Some say an inflation spike will mark the start of a new trend. Advocates of that view point to structural changes in the economy, says Roger Bootle in The Daily Telegraph. Deglobalisation and an ageing population in major economies could shrink the available supply of labour over the coming decades.

Yet in the near-term, inflation will be driven by the demand side of the economy. 2020 delivered a “veritable explosion of the money supply”, with the UK M4 gauge of the money supply soaring by 13% over the past year. In the US M2 money supply has increased by 24%, a figure that would have sent 1980s monetarists into a “flat spin”.
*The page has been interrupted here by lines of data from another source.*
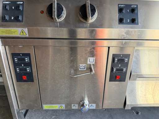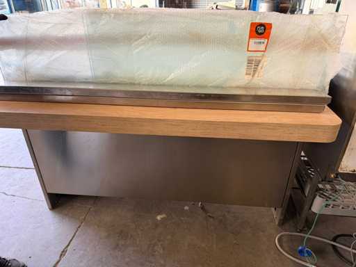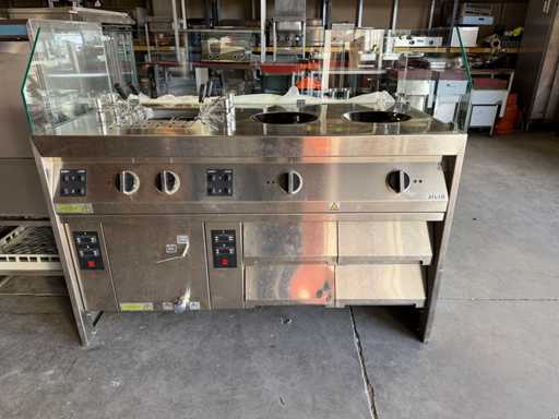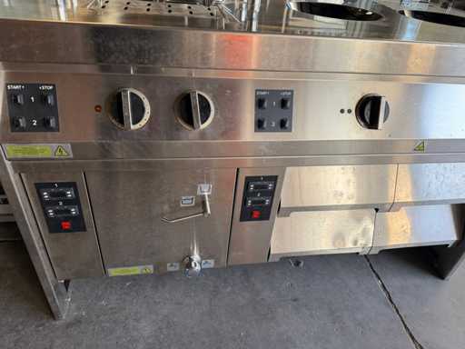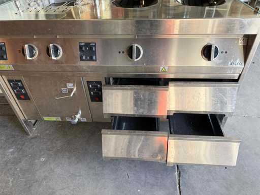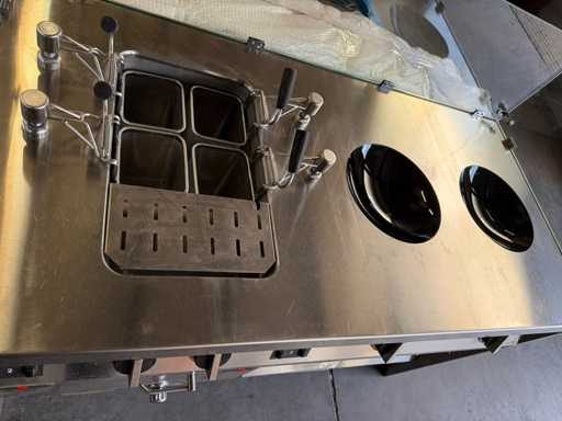Echipată cu friteuză cu apă; 2 vârfuri Shott Ceran pentru wok cu inducție; Sertare; cu dimensiuni de aproximativ 156x120x120cm; conexiune 380V; Înălțime de lucru 95cm. Material - Oțel inoxidabil
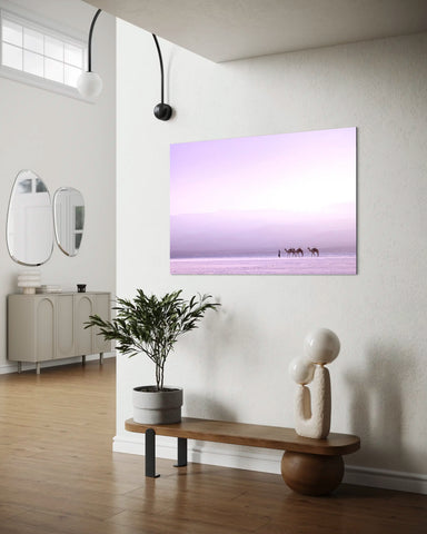 Idéale pour les amateurs de voyages, de grands espaces et de traditions ancestrales, cette photographie associe photo sur les animaux et photographie paysage dans une composition harmonieuse. La lumière du matin met en valeur les silhouettes des dromadaires et la blancheur du sel, offrant une image authentique et intemporelle aux nuances rosées.
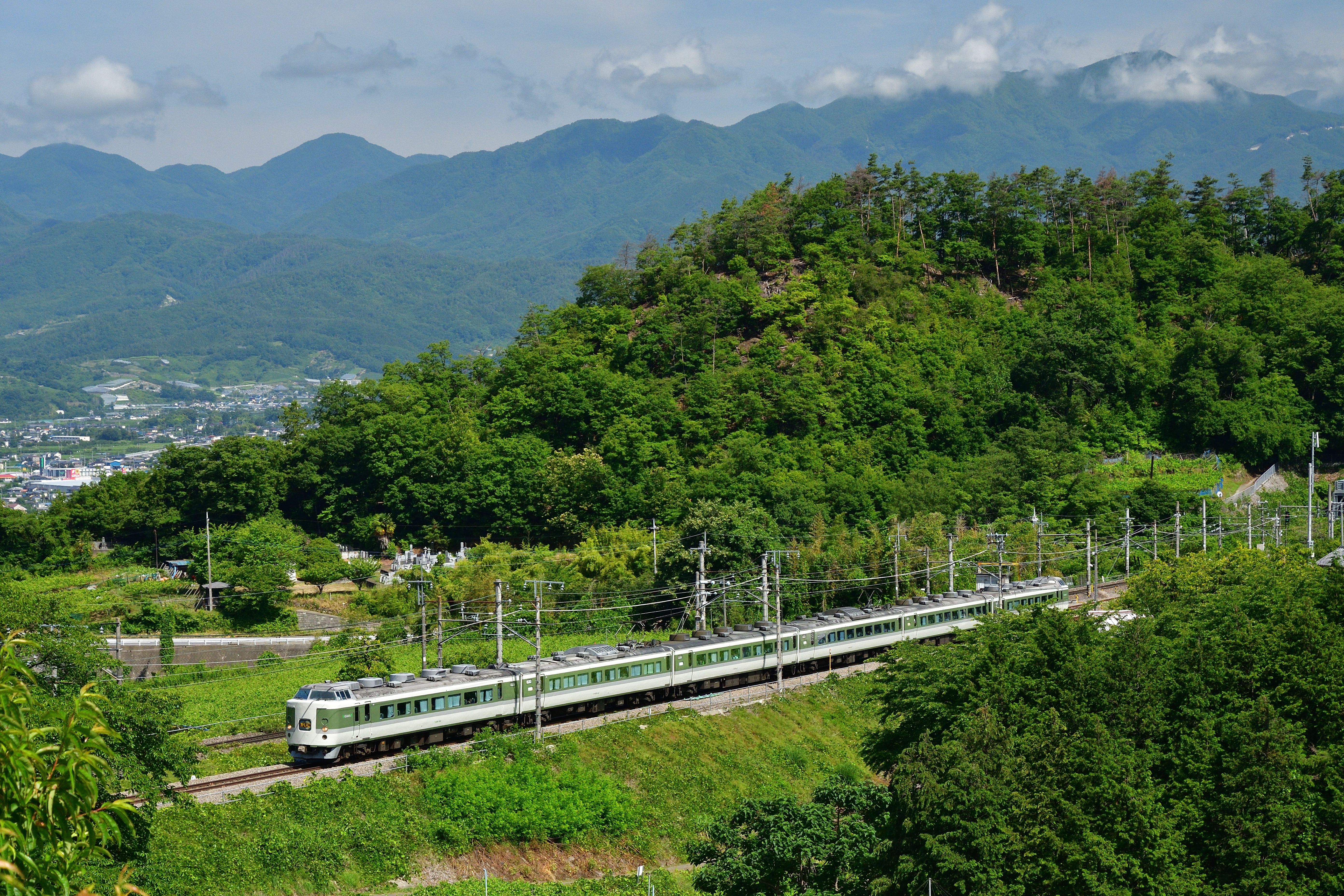 旧国鉄時代の特急用車両189系唯一の生き残りであるN102編成が、中央線「特急かいじ」として走る日に、緑ラインの車体が緑の中を走る姿を撮りました。
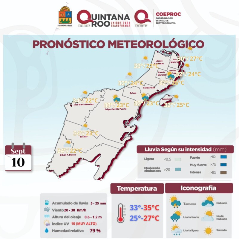 Pronóstico del clima para hoy domingo 10 de septiembre 2023 en Quintana Roo
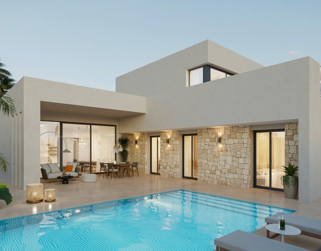 Villa Stone Plus es una casa de campo de obra nueva sobre plano de 4 dormitorios y 3 baños, diseñada con meticulosa atención al detalle, que ofrece la combinación perfecta de confort, estilo moderno y funcionalidad. Elija su parcela ideal en Aspe, Pinoso, La Romana, Hondón de las Nieves o Elche. Las parcelas no están incluidas en el precio; consulte disponibilidad y precios por separado. La villa cuenta con una piscina privada de 8 × 4 m con borde blanco e iluminación LED, rodeada de hormigón impreso. La zona exterior también incluye un trastero de 2 × 3 m, ducha exterior y la opción de añadir césped artificial para un jardín con un acabado impecable. Los materiales de alta calidad definen tanto el interior como el exterior, incluyendo carpintería de aluminio negro con persianas motorizadas, doble acristalamiento Climalit, estanterías Caliza Capri, suelos de porcelana personalizables y terrazas exteriores antideslizantes. Los armarios empotrados garantizan espacios de estar elegantes y prácticos. Los baños cuentan con acabados modernos, con platos de ducha a ras de suelo y mamparas, grifería monomando cromada, elegantes muebles con lavabos integrados, espejos LED y sanitarios de porcelana vitrificada. La cocina de diseño incluye muebles altos y bajos, encimeras de Silestone, isla central, salpicadero cerámico y preinstalación de electrodomésticos. El confort y la eficiencia están garantizados con la preinstalación de aire acondicionado por conductos, un sistema de aerotermia para agua caliente, una salida de chimenea y la preinstalación de paneles fotovoltaicos. La parcela, completamente vallada y con puerta automática para vehículos, garantiza privacidad y seguridad. Villa Stone Plus es más que un hogar: es un refugio moderno donde se fusionan calidad, sostenibilidad y estilo de vida contemporáneo.

Don’t count on the central bank

That money has found its way into the pockets of consumers, says Irwin. Between March and November Americans saved a staggering $1.56trn more than they did in the same period a year before. It won’t be long before that cash starts to leak out into the real economy. “When a bathtub is filled to the very top, it doesn’t take much sloshing for it to spill out on the floor.”

A few years ago, investors would have said that if inflation spikes, then central bankers would raise interest rates, preventing a more durable take-off , says Gillian Tett in the Financial Times.

Yet those old certainties have started to wobble. America’s Federal Reserve has already indicated that it is relaxed about inflation passing above the 2% target, just so long as it averages 2% over several years.

The vast debt loads that governments have accumulated fighting the virus also make raising interest rates politically difficult. Buckle up, says Randall Forsyth in Barron’s. There are already signs of “supply tightness” emerging in markets “from DRAM chips to ... commodities” (see below). As policymakers fight today’s crisis, “tomorrow’s inflation starts to stir”.